▸ **Action item**
Each record below must be reproduced exactly as it reads, with its images omitted.

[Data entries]
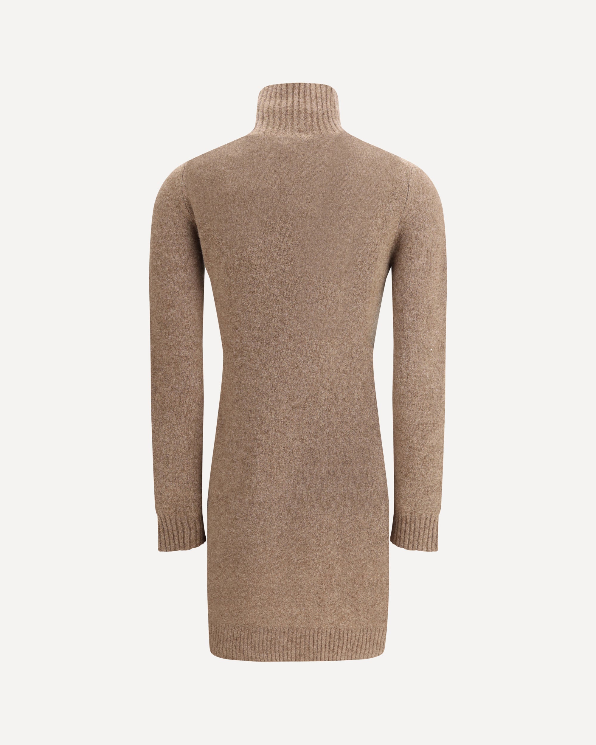 The Max Mara stretch cashmere mini Dress is defined by its sleek, close-fitting silhouette that embraces the body with refined simplicity. A high neckline and long set-in sleeves highlight its minimalist elegance, while ribbed finishes add a subtle touch of structure. Lightweight and unlined, this dress embodies effortless sophistication, making it a timeless piece for both day and evening wear.
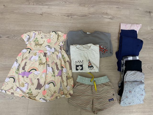 女童(大約6-7歲適穿)衣物一批,項目如照片。其中短褲和洋裝只穿過幾次,但leggings、
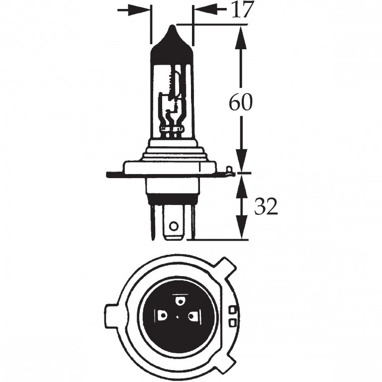 H4 60/55W Halogen Bulb for Headlamps. P43t cap with triple Lucar connectors LLB472
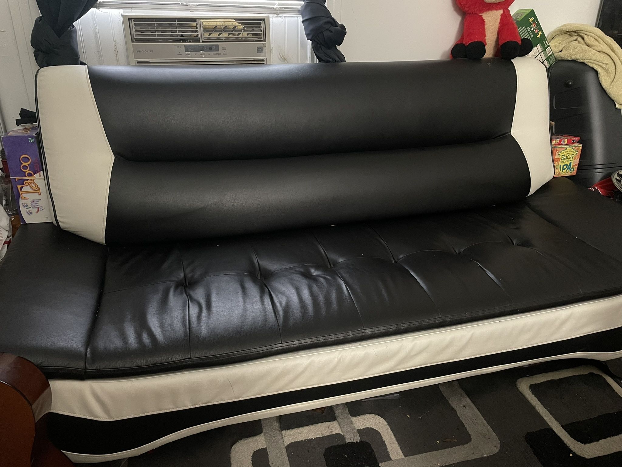 Black and white leather couch Has a small rip on top right Top half comes off of the bottom half for easy transportation Really lightweight couch Good beginner couch, too small for me now
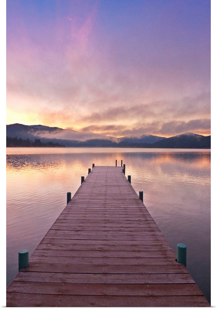 <p>Footprints leading down a frost covered dock at sunrise on Lake Whatcom during Winter, Bellingham Washington, USA.</p>
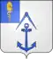 D'argent à une ancre surmonté d'un compas ouvert vers la pointe, le tout d'azur ; au canton des Comtes Sénateurs brochant[1]. Livrées : blanc, bleu. |
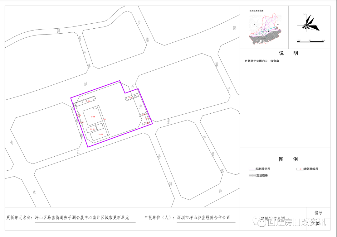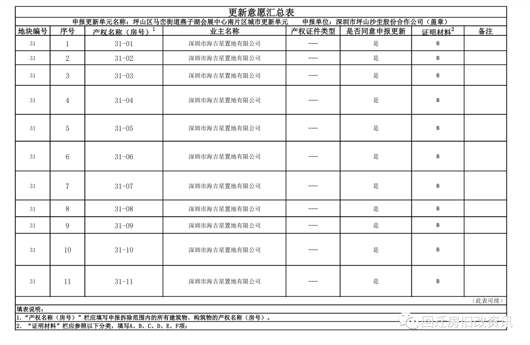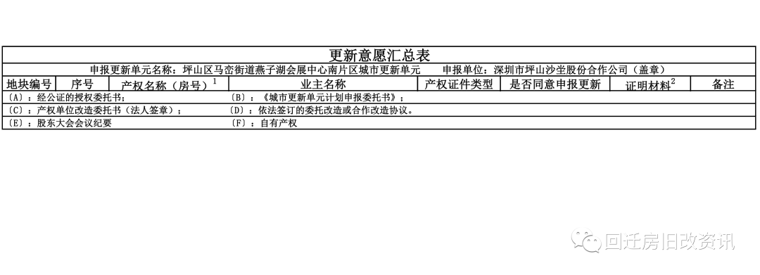 本次公示,仅为该更新单元范围内权利人是否同意申报列入深圳市城市更新单元计划的更新意愿进行公示,不涉及规划方案、搬迁安置补偿等具体事宜,不作为房屋确权的依据。
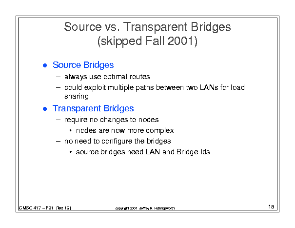 Computer Networks (Fall '01) - Class 19 (November 6, 2001)

▸ **Task output**
 The Max Mara stretch cashmere mini Dress is defined by its sleek, close-fitting silhouette that embraces the body with refined simplicity. A high neckline and long set-in sleeves highlight its minimalist elegance, while ribbed finishes add a subtle touch of structure. Lightweight and unlined, this dress embodies effortless sophistication, making it a timeless piece for both day and evening wear.
 女童(大約6-7歲適穿)衣物一批,項目如照片。其中短褲和洋裝只穿過幾次,但leggings、
 H4 60/55W Halogen Bulb for Headlamps. P43t cap with triple Lucar connectors LLB472
 Black and white leather couch Has a small rip on top right Top half comes off of the bottom half for easy transportation Really lightweight couch Good beginner couch, too small for me now
 <p>Footprints leading down a frost covered dock at sunrise on Lake Whatcom during Winter, Bellingham Washington, USA.</p>
 D'argent à une ancre surmonté d'un compas ouvert vers la pointe, le tout d'azur ; au canton des Comtes Sénateurs brochant[1]. Livrées : blanc, bleu. |
 本次公示,仅为该更新单元范围内权利人是否同意申报列入深圳市城市更新单元计划的更新意愿进行公示,不涉及规划方案、搬迁安置补偿等具体事宜,不作为房屋确权的依据。
 Computer Networks (Fall '01) - Class 19 (November 6, 2001)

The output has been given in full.